In discussion, submission on November 25, 2008 at 7:29 am

CLEAVE POETICS 15-19

Four Quatorzain cleaves

“I prefer poems in anthologies
to poems in individual books.
A poem in an anthology has
forgotten its author.”
—Tan Lin, “ambient stylistics,”
Telling It Slant

BERNSTEIN

Brute design—beltway bozos
dEmocracy—lewd propositions
guRly boyz—knowing the truth
thiNk about—halliburton haves and those
scabS of the—ratty mourning have-nots
gangsTer lobbyists—hoodlum politicians
silhouEtting—formaldehyde artifices
uncertaInties—nightly snarky fox-tv
discrepaNcies—elephantine lies

Seed text = BERNSTEIN
Source text = Charles Bernstein’s
“Ballad of the Girly Man,” Girly Man (2000)

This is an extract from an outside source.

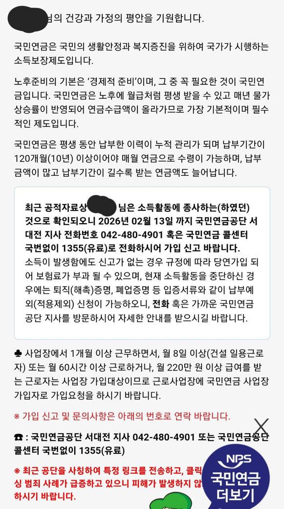 소득활동이 확인되어 국민연금 납부가 될 수 있다는 안내문입니다.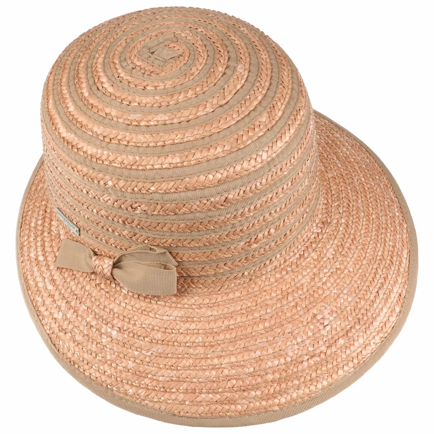 Eine tolle sommerliche Alternative ist die Cap von Seeberger, die sich aus geflochtenen Strohborten und Stoffstreifen zusammensetzt. Mit sommerlicher Leichtigkeit und Stretchfutterband sitzt die Strohcap ungemein bequem, um mit UV-Schutz 50+ vor der Sonne zu schützen. Ihren edlen Feinschliff erhält sie durch die zierende Schleife sowie die Einfassung um den großen, Schatten spendenden Visor.

(Using the diastic method, the writer reads through the source text and successively finds words or other linguistic units that have the letters of the seed text in positions that correspond to those they occupy in the seed text.)

http://quarterlyconversation.com/thing-of-beauty-by-jackson-mac-low

(Using the cleave method, the writer reads through the diastic text—hyphenating the horizontal text into2 vertical texts. The resulting text is a diastic / cleave intertext—with 3 poems in positions that correspond to each in a unique polymorphosely vocal / textual way.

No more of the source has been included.